Your instructions: Exact copy, pictures excluded: write out every line below.

Supplied material:
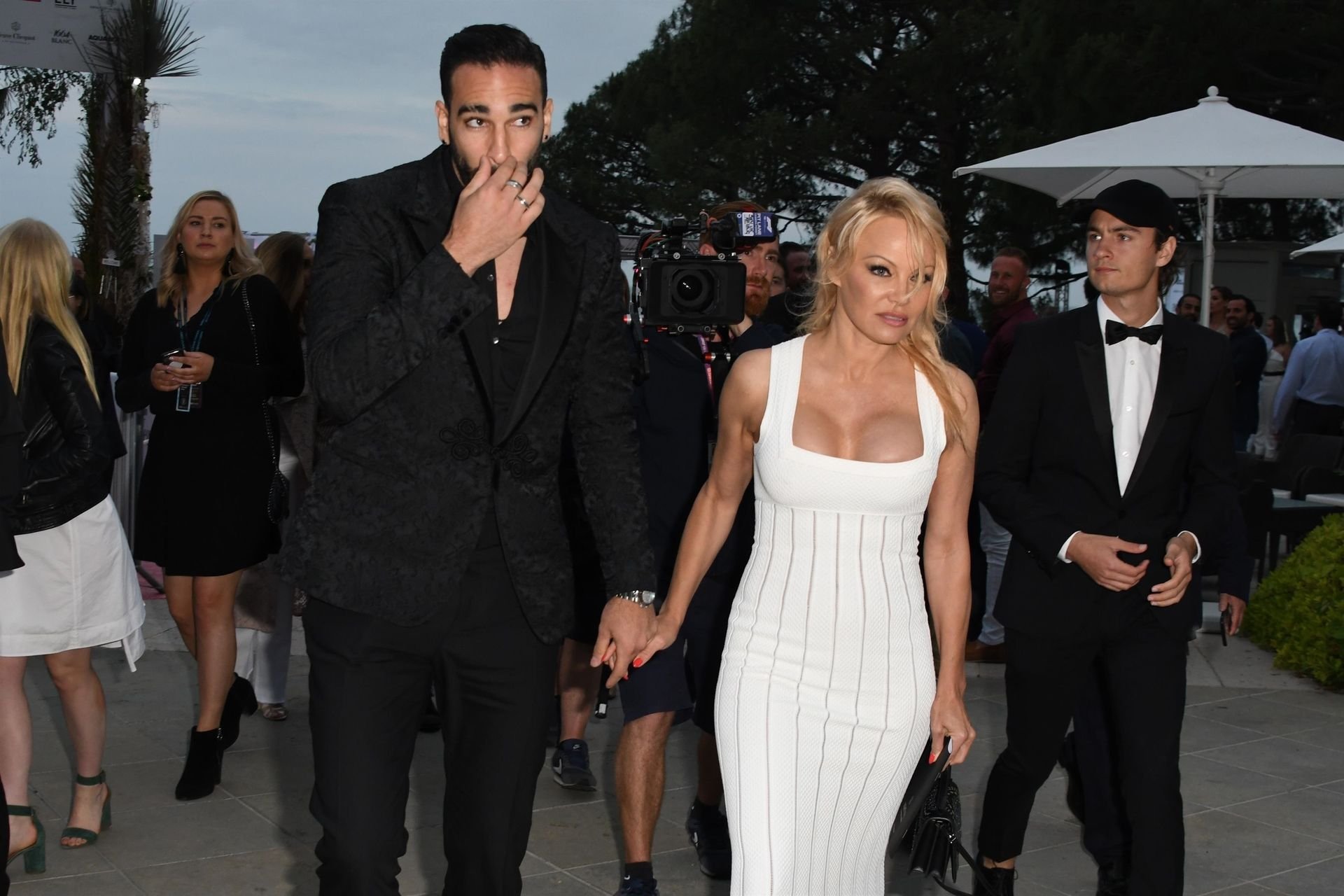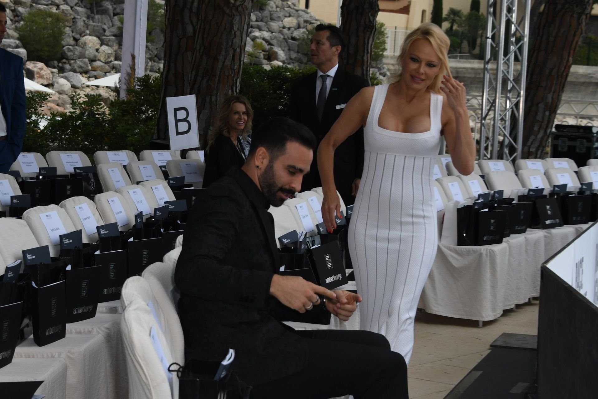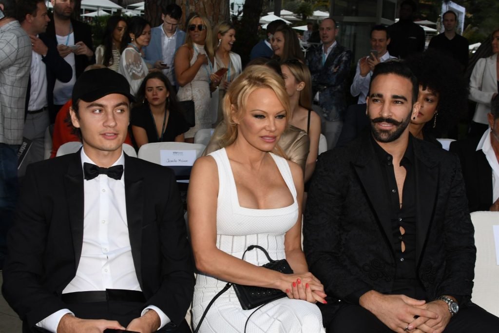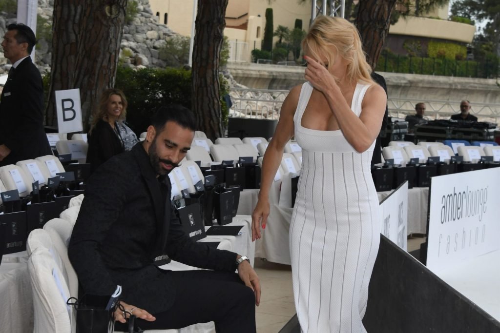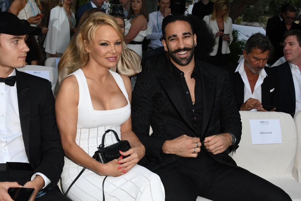 Busty Pamela Anderson (51) y Adil Rami (33) asisten a Amber Lounge U*NITE Fashion Mónaco 2019 en el Hotel Le Meridien Beach Plaza, 24/05/2019.
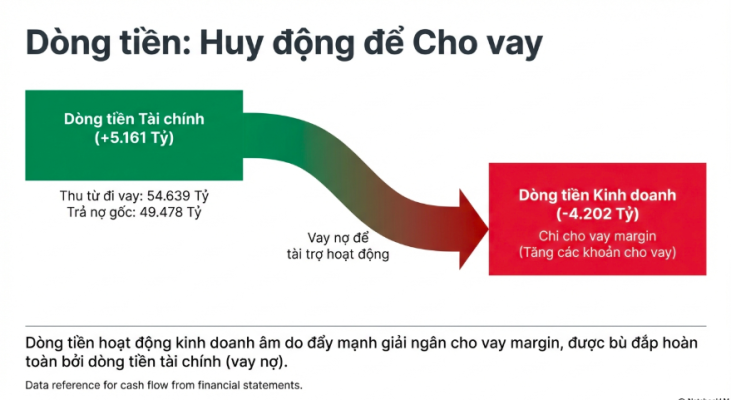 Về dòng tiền, Báo cáo lưu chuyển tiền tệ (trang 12) cho thấy dòng tiền thuần từ hoạt động kinh doanh âm 4,203 tỷ đồng. Con số này là đặc thù của ngành chứng khoán và không nhất thiết là tín hiệu tiêu cực. Cụ thể, dòng tiền kinh doanh âm chủ yếu do dòng tiền chi ra cho “Các khoản cho vay” tăng mạnh thêm 4,747 tỷ đồng, một hoạt động được phân loại là kinh doanh đối với công ty chứng khoán. Điều này kết nối trực tiếp sự tăng trưởng trên Bảng cân đối kế toán với thực tế dòng tiền, đồng thời cho thấy MBS phụ thuộc lớn vào dòng tiền từ hoạt động tài chính (chủ yếu là đi vay) để tài trợ cho sự tăng trưởng này.
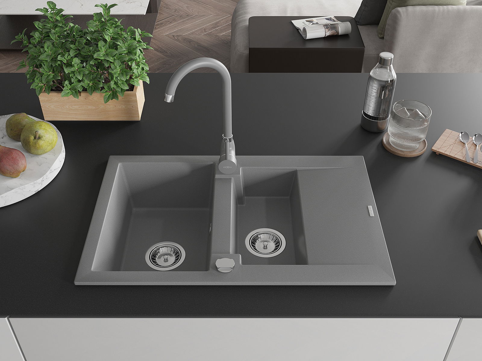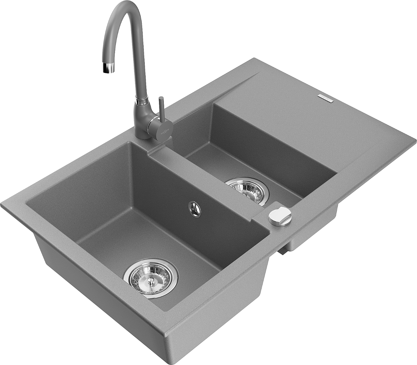 Mexen Gaspar chiuvetă din granit cu 1,5 compartimente cu scurgător și robinet de bucătărie Telma, gri - 6507-71-670200-71
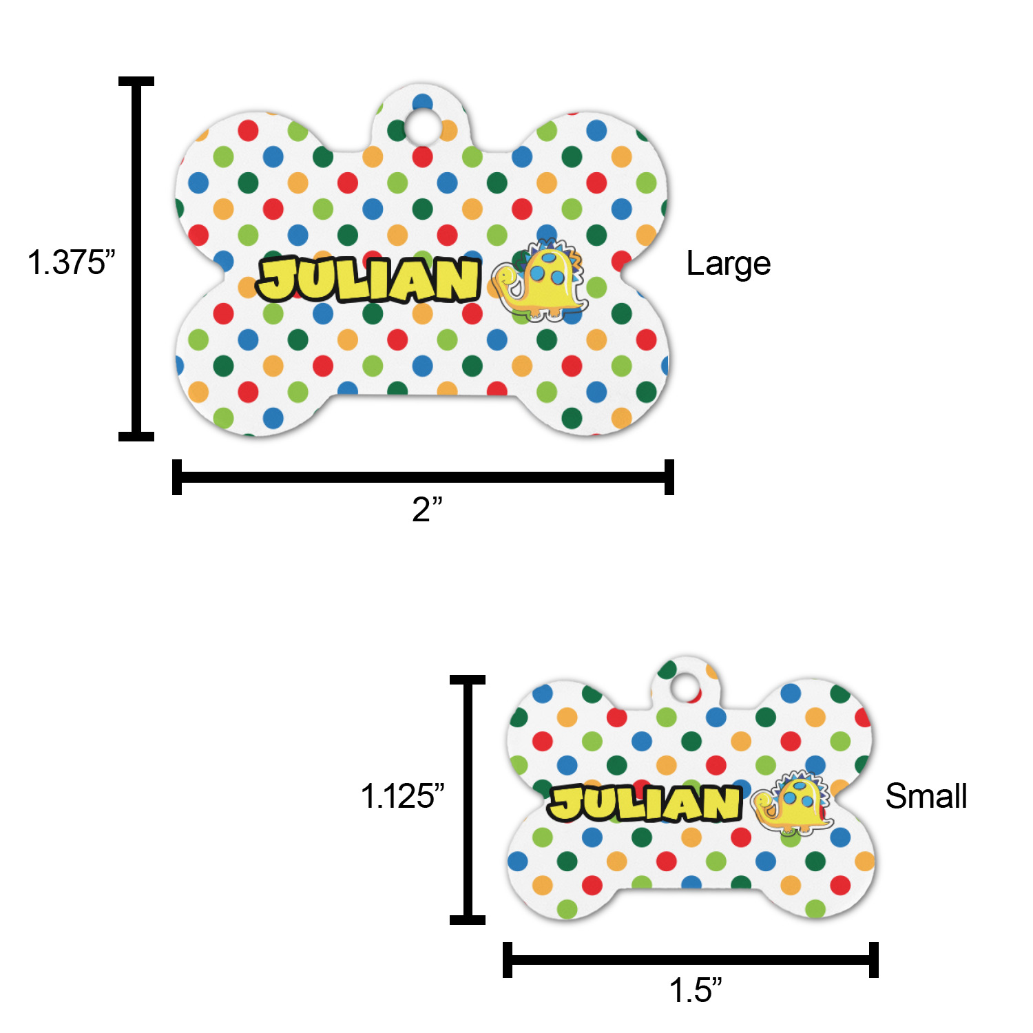 The small bone dog tag size is perfect to pair with our small dog collars, the large size pairs well with our large dog collars.

Completed exercise:
 Busty Pamela Anderson (51) y Adil Rami (33) asisten a Amber Lounge U*NITE Fashion Mónaco 2019 en el Hotel Le Meridien Beach Plaza, 24/05/2019.
 Về dòng tiền, Báo cáo lưu chuyển tiền tệ (trang 12) cho thấy dòng tiền thuần từ hoạt động kinh doanh âm 4,203 tỷ đồng. Con số này là đặc thù của ngành chứng khoán và không nhất thiết là tín hiệu tiêu cực. Cụ thể, dòng tiền kinh doanh âm chủ yếu do dòng tiền chi ra cho “Các khoản cho vay” tăng mạnh thêm 4,747 tỷ đồng, một hoạt động được phân loại là kinh doanh đối với công ty chứng khoán. Điều này kết nối trực tiếp sự tăng trưởng trên Bảng cân đối kế toán với thực tế dòng tiền, đồng thời cho thấy MBS phụ thuộc lớn vào dòng tiền từ hoạt động tài chính (chủ yếu là đi vay) để tài trợ cho sự tăng trưởng này.
 Mexen Gaspar chiuvetă din granit cu 1,5 compartimente cu scurgător și robinet de bucătărie Telma, gri - 6507-71-670200-71
 The small bone dog tag size is perfect to pair with our small dog collars, the large size pairs well with our large dog collars.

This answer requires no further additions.